━━ RECORDS PROVIDED
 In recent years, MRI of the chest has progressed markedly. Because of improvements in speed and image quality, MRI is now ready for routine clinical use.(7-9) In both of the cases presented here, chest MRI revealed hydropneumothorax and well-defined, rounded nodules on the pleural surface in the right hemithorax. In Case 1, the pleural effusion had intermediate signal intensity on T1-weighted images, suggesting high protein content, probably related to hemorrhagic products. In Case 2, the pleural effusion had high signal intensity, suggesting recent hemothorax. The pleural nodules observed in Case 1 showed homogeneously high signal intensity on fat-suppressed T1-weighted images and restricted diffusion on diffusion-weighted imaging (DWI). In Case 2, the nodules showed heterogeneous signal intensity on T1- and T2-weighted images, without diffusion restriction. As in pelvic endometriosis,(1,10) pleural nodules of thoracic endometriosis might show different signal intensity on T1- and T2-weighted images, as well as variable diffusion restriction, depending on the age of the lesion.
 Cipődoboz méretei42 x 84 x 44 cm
━━━━
━━ RECORDS PROVIDED
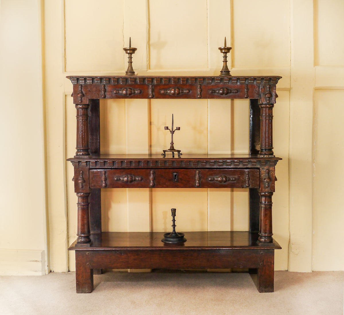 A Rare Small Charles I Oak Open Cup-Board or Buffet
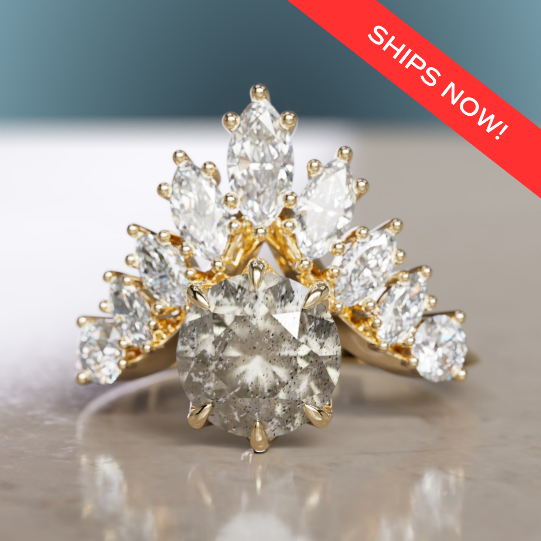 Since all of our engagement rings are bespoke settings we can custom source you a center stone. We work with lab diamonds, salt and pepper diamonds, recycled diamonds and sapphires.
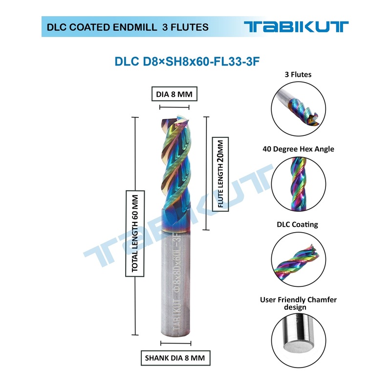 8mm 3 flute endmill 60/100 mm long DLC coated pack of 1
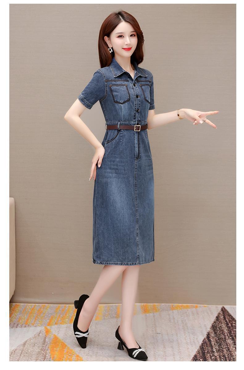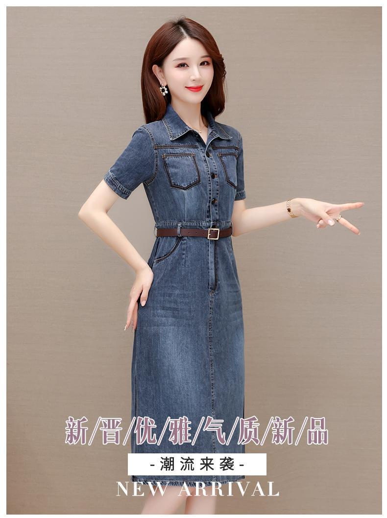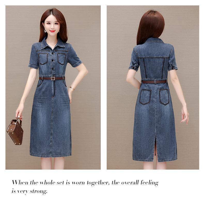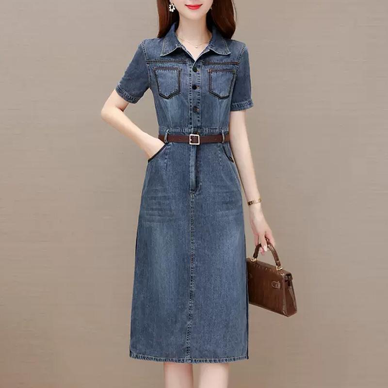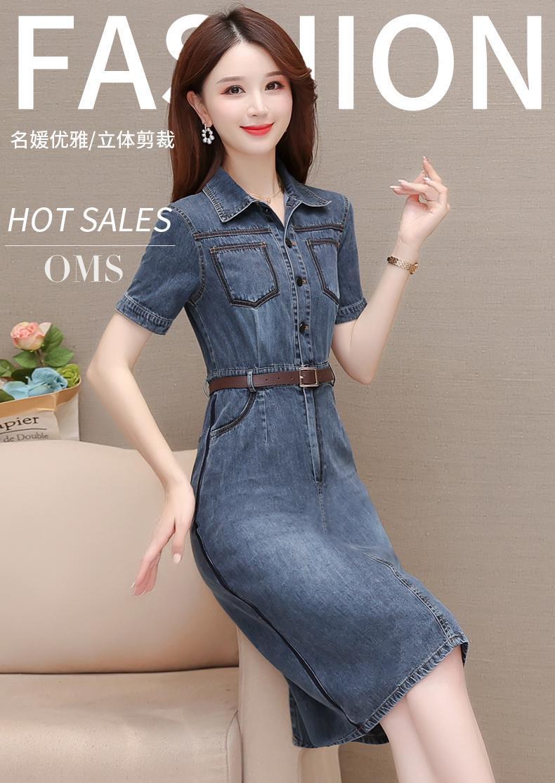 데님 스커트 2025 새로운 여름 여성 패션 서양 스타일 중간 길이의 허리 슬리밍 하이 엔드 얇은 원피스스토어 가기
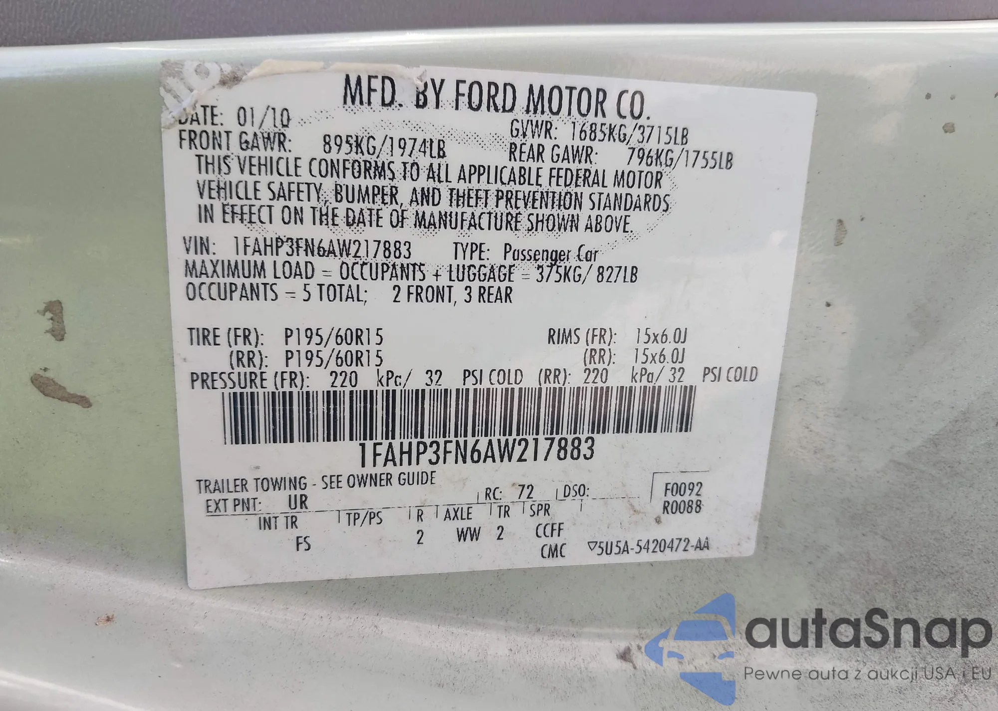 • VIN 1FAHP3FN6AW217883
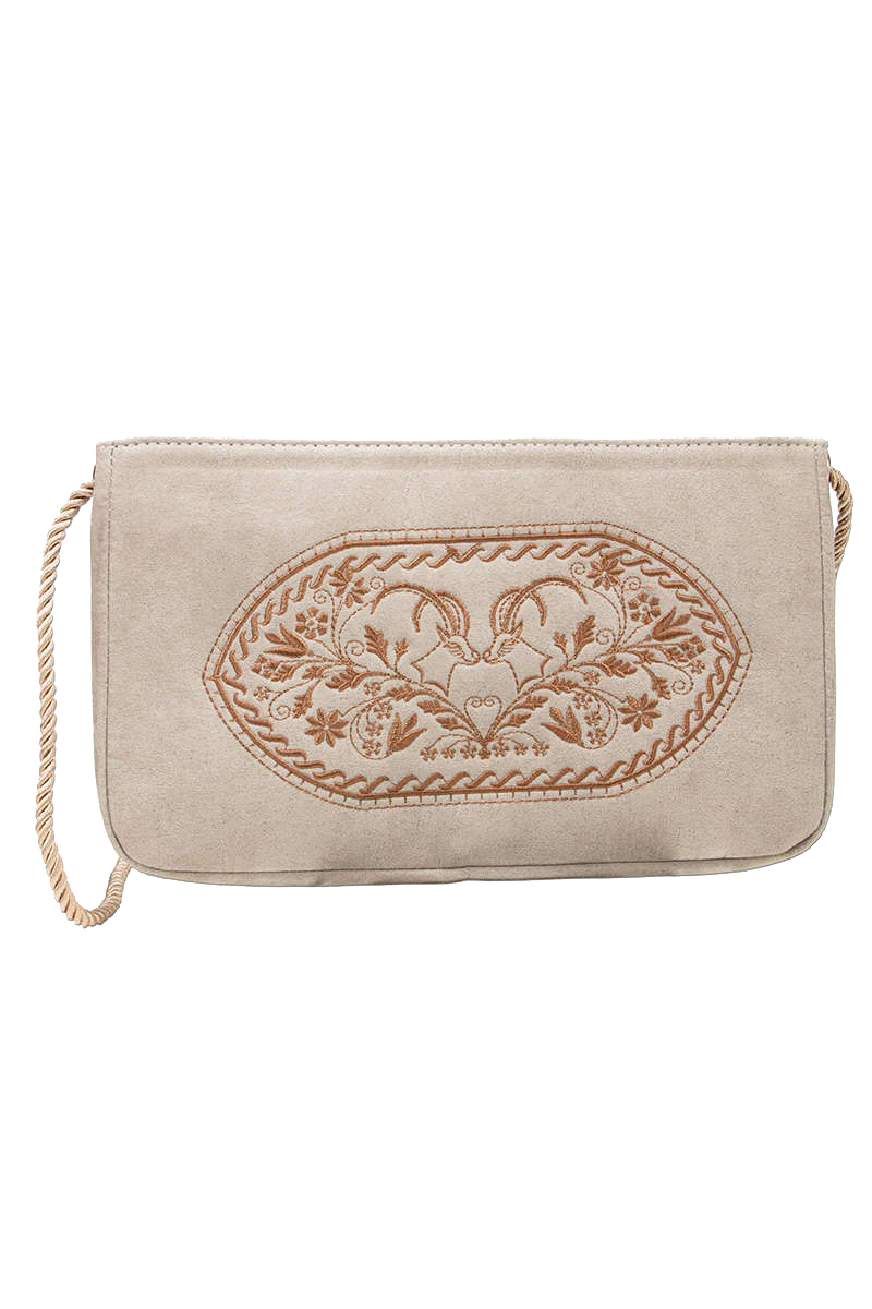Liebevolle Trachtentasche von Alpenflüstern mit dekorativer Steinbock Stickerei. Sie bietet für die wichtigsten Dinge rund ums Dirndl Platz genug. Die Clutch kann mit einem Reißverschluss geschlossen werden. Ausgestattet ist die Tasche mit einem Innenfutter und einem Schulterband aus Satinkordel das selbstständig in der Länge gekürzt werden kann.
━━━━
━━ RECORDS PROVIDED
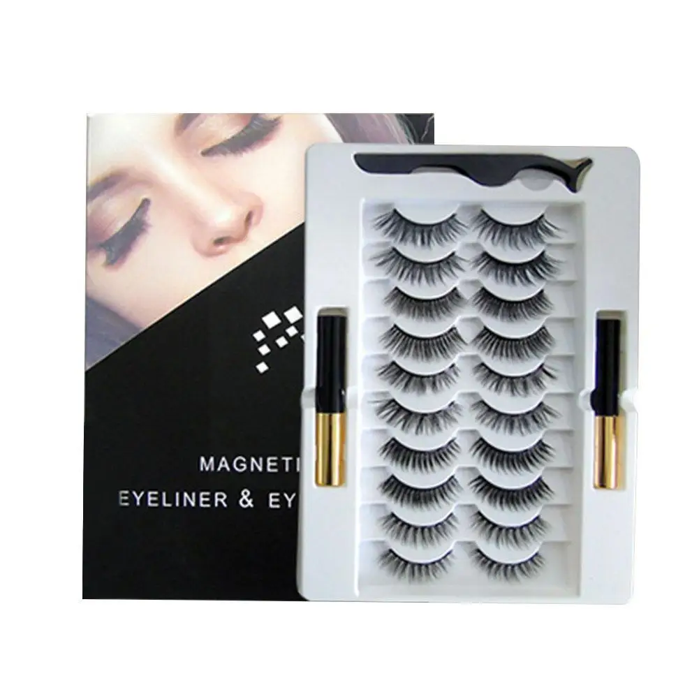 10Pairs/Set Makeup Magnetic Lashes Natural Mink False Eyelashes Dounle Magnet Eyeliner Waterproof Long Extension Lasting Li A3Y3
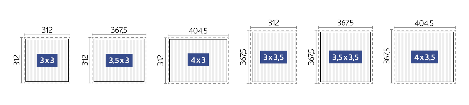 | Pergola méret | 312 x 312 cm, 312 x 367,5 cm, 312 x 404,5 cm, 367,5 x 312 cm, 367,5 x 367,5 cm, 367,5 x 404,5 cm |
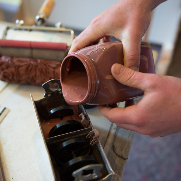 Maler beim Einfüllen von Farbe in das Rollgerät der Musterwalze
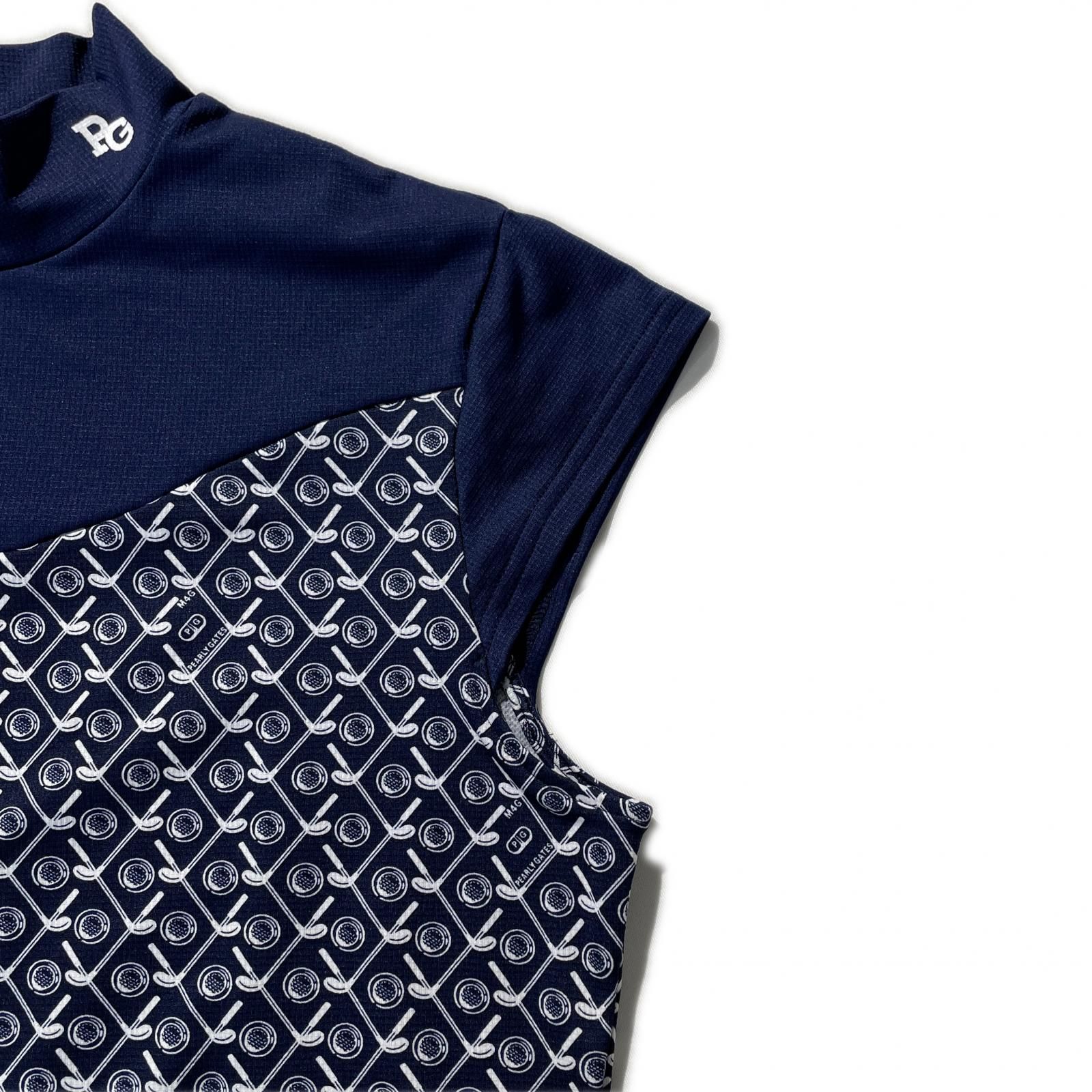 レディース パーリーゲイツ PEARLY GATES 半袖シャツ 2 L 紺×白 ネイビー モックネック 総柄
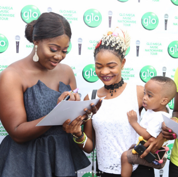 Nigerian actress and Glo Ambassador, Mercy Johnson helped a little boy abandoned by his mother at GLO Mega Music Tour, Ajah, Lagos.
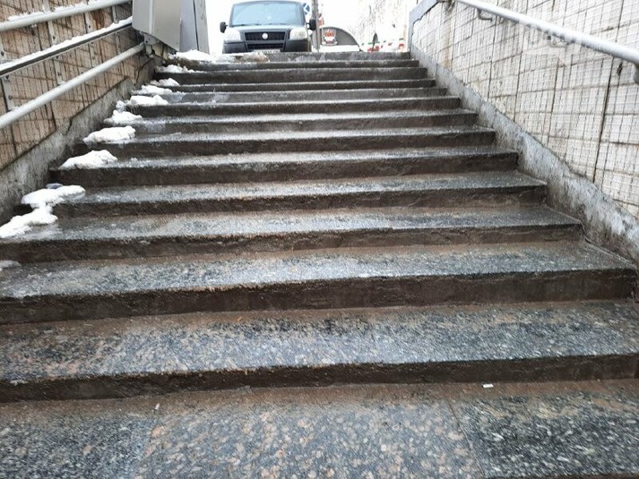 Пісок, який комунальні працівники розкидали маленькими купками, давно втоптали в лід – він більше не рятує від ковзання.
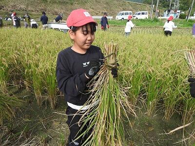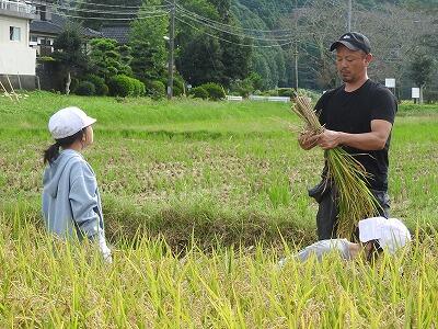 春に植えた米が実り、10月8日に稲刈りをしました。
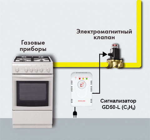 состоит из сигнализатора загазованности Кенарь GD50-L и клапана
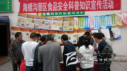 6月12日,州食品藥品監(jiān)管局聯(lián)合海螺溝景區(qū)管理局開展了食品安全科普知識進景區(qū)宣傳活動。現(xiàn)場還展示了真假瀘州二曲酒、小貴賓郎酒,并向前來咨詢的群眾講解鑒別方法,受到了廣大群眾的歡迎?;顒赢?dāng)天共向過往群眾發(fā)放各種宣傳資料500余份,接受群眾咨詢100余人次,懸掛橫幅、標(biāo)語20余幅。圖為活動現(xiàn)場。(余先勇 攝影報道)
━━━━
ASSIGNED TASK => Copy out exactly the lines above beginning with the line that contains "데님 스커트 2025" and finishing with the line that contains "Liebevolle Trachtentasche von", including both; leave the pictures out.

YOUR SOLUTION =>
 데님 스커트 2025 새로운 여름 여성 패션 서양 스타일 중간 길이의 허리 슬리밍 하이 엔드 얇은 원피스스토어 가기
 • VIN 1FAHP3FN6AW217883
Liebevolle Trachtentasche von Alpenflüstern mit dekorativer Steinbock Stickerei. Sie bietet für die wichtigsten Dinge rund ums Dirndl Platz genug. Die Clutch kann mit einem Reißverschluss geschlossen werden. Ausgestattet ist die Tasche mit einem Innenfutter und einem Schulterband aus Satinkordel das selbstständig in der Länge gekürzt werden kann.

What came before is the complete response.